The above embodiments are only intended to illustrate the technical solution of the present invention and not to limit the same, and a person skilled in the art can modify the technical solution of the present invention or substitute the same without departing from the spirit and scope of the present invention, and the scope of the present invention should be determined by the claims.

Claims

1. A method for discovering directional phishing attack events comprises the following steps:

2. The method of claim 1, wherein the network access data comprises network traffic data, host data obtained by the user terminal.

3. The method of claim 1, wherein the step of establishing the configuration rule comprises:

4. The method of claim 3, wherein the target system comprises a mailbox system, an OA system, and a website system for identity authentication through a Web login.

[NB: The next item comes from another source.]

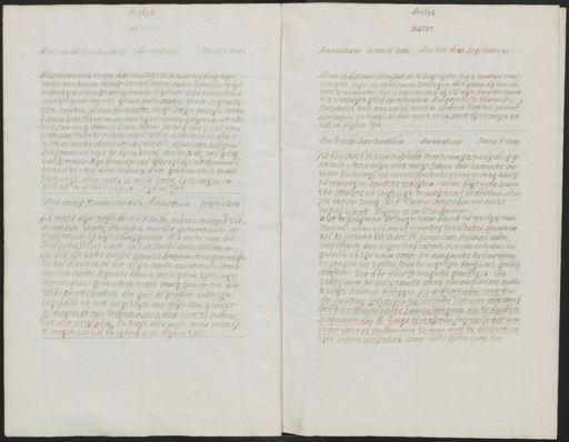 Ao. 1694 Ae Desen 2 Dito Aen den hr vaasrtben Amsterdan Alswamneerick de eere had van vwrelEd. tesien, soo heef mijn mons. Van Newen belooft, soo veelenten van de brustelse bruijn te besorgen als mijn nodig waren blyvende UEd ondertussen verobligeert voor de gedane presentatie, maer in gevalle UEd. van den hr van Heemstede enige lootyes van syne raerste karsen kost bekomen, en van syne raerste pruymen, soo scude Daer van enige boomen Latenenten. De vorg van 17 sal desen ochtendt voor de eerste mael sessie nemen, en in het ' mieden van de Aenst weeck (naa alle apparentie scheijden Als wanneer myn de by een komst Aen de N: sl. wel geleg sal koomen, Myn beminde is (Gode sij lof) nu tenemael onsteldt( die hier nevens Hare gebidenisse is doende En dewijl hier niets is meer weet bij te vegen soe sal ick met veel respect blyven Etc Aen monf. Timmermans Amsterdam. Desen 2 Dit Ick vinde mijn verylicht om Vhto Ed: nevens mevroutin mermans seer te bedancken voor het goedt onthael, en tractement, op suijderburggeneten. Als mede voor het Brabantseleleri saet, en dat van de witte violetten Ick heb het saedt van de spaense kroppen, al in gereetheyde En sal hetselve in het begin van de aenstaende weeck aen een van de Reyjsende bodens mede geven sijnde mijn (tot nochtoe, geen andere occatie voorgekomen om het selve over te senden, het gene al geschiedt soude sijn ingevalle ick niet enigedagen van huijs was geweest De borgtocht van Despontin, en is hier niet te vinden dat seer moeijlijckis in dewijl hier niets meer weetby te woegen, soo sal ick afbreckenen bliden Etc. Ao. 1694 MAART Amsterdam Desen 5 dito Aen den heer kegelaerik Alsoo ick het voorleden jaer in s Hage sijnde 3 a 4 soorten van een seer taije, en uijtheemse willigen heb gesien bij den hr Van Beaumondt: soo is mijn versoeck of UE. mijn van idersoort 2: 4 3: steckijes gelief toe te senden. Aengaende de Platands Orientalis daer van sal ick voorsien worden door den postm. Hinloopen En dewijl ick hier niets meer weet bij te voegen soo sal ick blijven Etc. Aen denhr van Benthem Desen 8 Dito Amsterdam Ick ben vwElEd seer veplicht voorde moejte diehy heef ge nomen, van myn met enige Enten van karsen te ver sien. En dewyl ick aenst donderdag (soo de verg van L overmorgen komt te scheijden) meen buijten te komen Soo wenste ick vrydaegs de entyeswel te hebben. alsoo Ick monsr De Rooij heb laeten versoecken om aenst vriy of saterd: buijten te willen koomen wat de pruymen belangt, daer ben ick nuredelyck van versien, men sal aenst maendag de soldaten aennemen sal de persoon die uwel Et: garen voor Corporael soudt emploieren aen mijne confraters recommanderen in gevalle ick syn naem wist. En aengaende de lantspass en jongen, die sullen door de ingeleyde brief kens geholp worden. Soo het haer Et mogende gevallig is, soo soude men de aenstaende weeck een comparitre aende N: sluys kunnen beleggen. Ick heb wederom met den Ad: van Vam gesprocken die meende dat men het werck wel daer heenen soude kunnendirigeren, om de bewuste Koopmun schap R Ringa of te ofteren ijngevalle het men maer wist te stellen, met de man met de blickken, en sijne verdere confraters waer mede afbreckende Etc
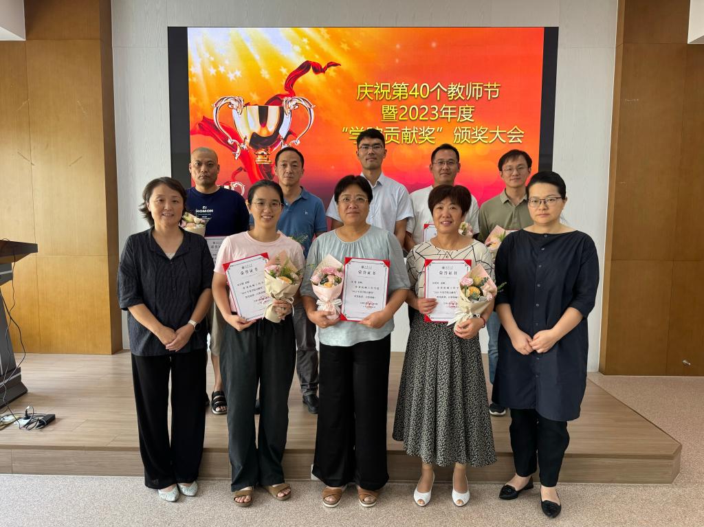 接着进入表彰环节。党委书记高雪梅宣读了学院文件《关于授予“2023年度学院贡献奖”的决定》,对过去一年里在学院人才培养、科学研究、服务社会等工作中作出重要贡献的12名教师代表进行表彰。高雪梅、副书记刘升恒为受到表彰的教师代表颁发了获奖证书并献花致敬。副院长王东祥宣读了学校教师发展中心为本科学生评教前5%的教师发来的感谢信,钱静、王东祥为获奖教师颁发了感谢信并献花致敬。获奖教师代表发表了获奖感言。

5. The method of claim 3, wherein the target system characteristics include an IP address, a domain name, a URL address, title content, and style content that identify the target system from the user access data.

6. The method of claim 1, wherein the actual landing page characteristics are an IP address, a domain name, a URL address, title content, and style content of the actual landing page identified from the user network access data.

7. The method of claim 1, wherein the phishing degree refers to a maximum similarity of an actual landing page to an official landing page calculated based on domain name, URL address, page title, and page style multi-dimensional features.

8. The method of claim 1, wherein upon determining the targeted phishing attack event, issuing an alert; the content of the alarm comprises a phishing page name, a phishing page URL, a counterfeit object name, a counterfeit object URL, a threat degree, an alarm ID and an alarm time.

9. A targeted phishing attack event discovery apparatus comprising:

10. The targeted phishing attack event discovery apparatus of claim 9 wherein the configuration rules include username password keywords, a targeted phishing page domain name blacklist, a targeted phishing page IP blacklist, a non-targeted phishing page domain name whitelist.